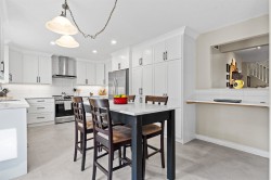Beautifully updated 5-bed + Den, 3-bath in sought-after Sunshine Hills! This move-in ready, elegant home blends modern comfort with timeless style. The recently renovated kitchen features solid wood cabinetry, quartz countertops, tile backsplash, durable vinyl tile flooring, and a dedicated coffee station + thoughtful storage solutions including blind-corner pullouts and roll-out pantry drawers. The main floor offers eng. hardwood, while upstairs boasts new carpet in four spacious bedrooms + a den which can be used as a 6th bedroom. Laundry & bedroom located on the main. All three bathrooms, including the luxurious ensuite, have been tastefully renovated. With a newer furnace, HWT, & roof, this home delivers lasting quality and peace of mind. Your dream home in Sunshine Hills awaits!
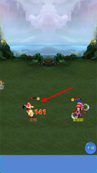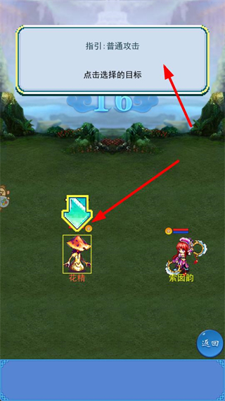 3、選擇普通攻擊目標如花精,點擊目標發起攻擊,通過普通攻擊積累傷害,擊敗怪物獲取經驗。
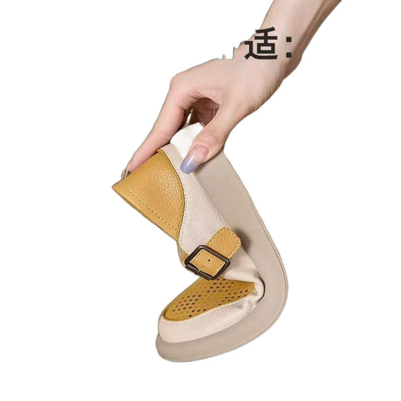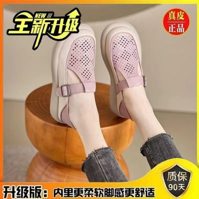 รองเท้าแตะแบบโรมันสำหรับผู้หญิง Baotou 2025 หนังแท้พร้อมพื้นรองเท้าทำจากป่าน พื้นนุ่มแบบมีรู รองเท้าลำลองสำหรับฤดูร้อน ลายหัวกะโหลกที่หัวรองเท้า
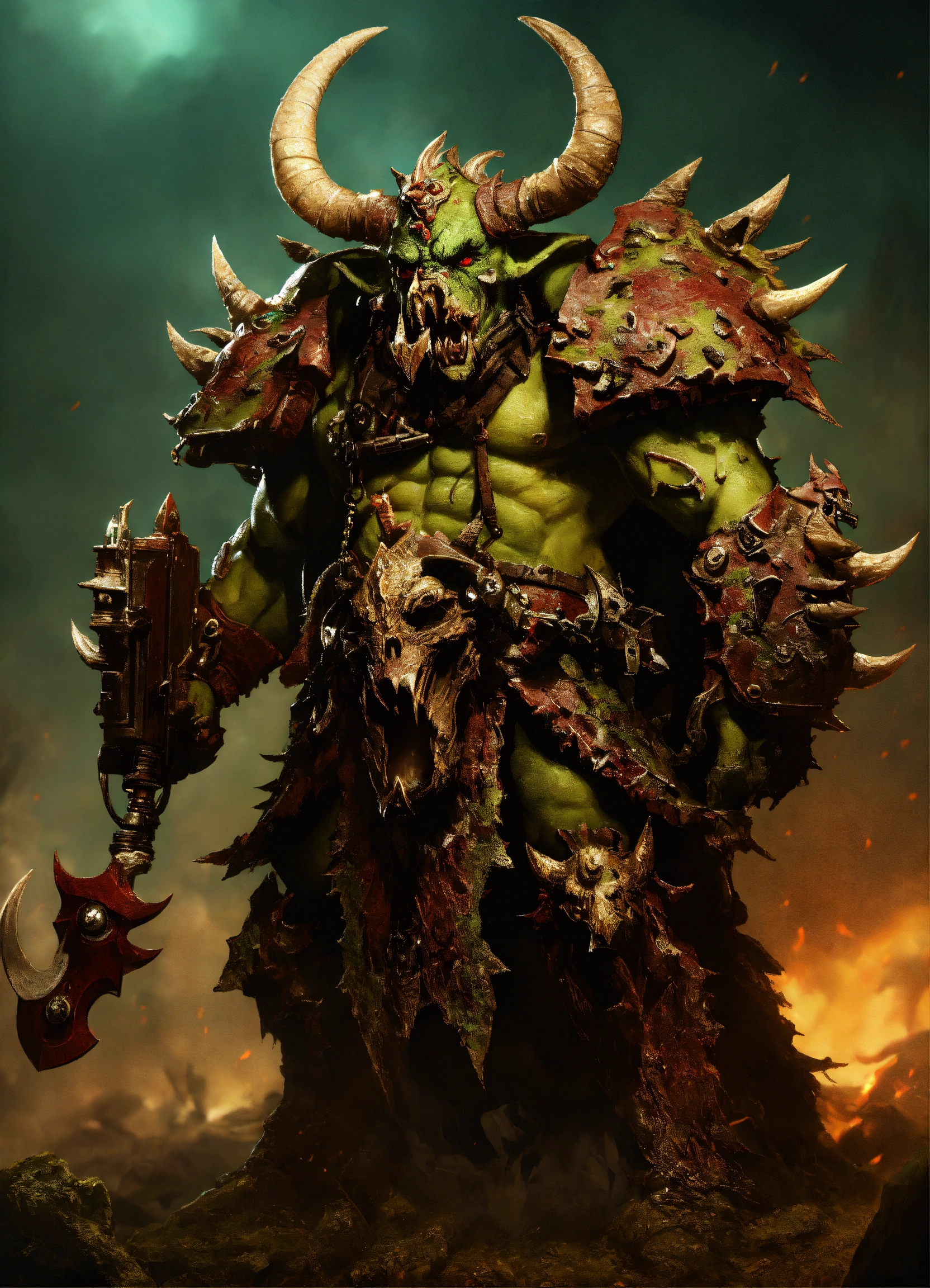 Lexica - A beastmen bestigor of nurgle, warhammer fantasy chaos art, 4k

● The task
Print out the whole listing word for word. Leave the pictures out.

● Expected answer
Beautifully updated 5-bed + Den, 3-bath in sought-after Sunshine Hills! This move-in ready, elegant home blends modern comfort with timeless style. The recently renovated kitchen features solid wood cabinetry, quartz countertops, tile backsplash, durable vinyl tile flooring, and a dedicated coffee station + thoughtful storage solutions including blind-corner pullouts and roll-out pantry drawers. The main floor offers eng. hardwood, while upstairs boasts new carpet in four spacious bedrooms + a den which can be used as a 6th bedroom. Laundry & bedroom located on the main. All three bathrooms, including the luxurious ensuite, have been tastefully renovated. With a newer furnace, HWT, & roof, this home delivers lasting quality and peace of mind. Your dream home in Sunshine Hills awaits!
 3、選擇普通攻擊目標如花精,點擊目標發起攻擊,通過普通攻擊積累傷害,擊敗怪物獲取經驗。
 รองเท้าแตะแบบโรมันสำหรับผู้หญิง Baotou 2025 หนังแท้พร้อมพื้นรองเท้าทำจากป่าน พื้นนุ่มแบบมีรู รองเท้าลำลองสำหรับฤดูร้อน ลายหัวกะโหลกที่หัวรองเท้า
 Lexica - A beastmen bestigor of nurgle, warhammer fantasy chaos art, 4k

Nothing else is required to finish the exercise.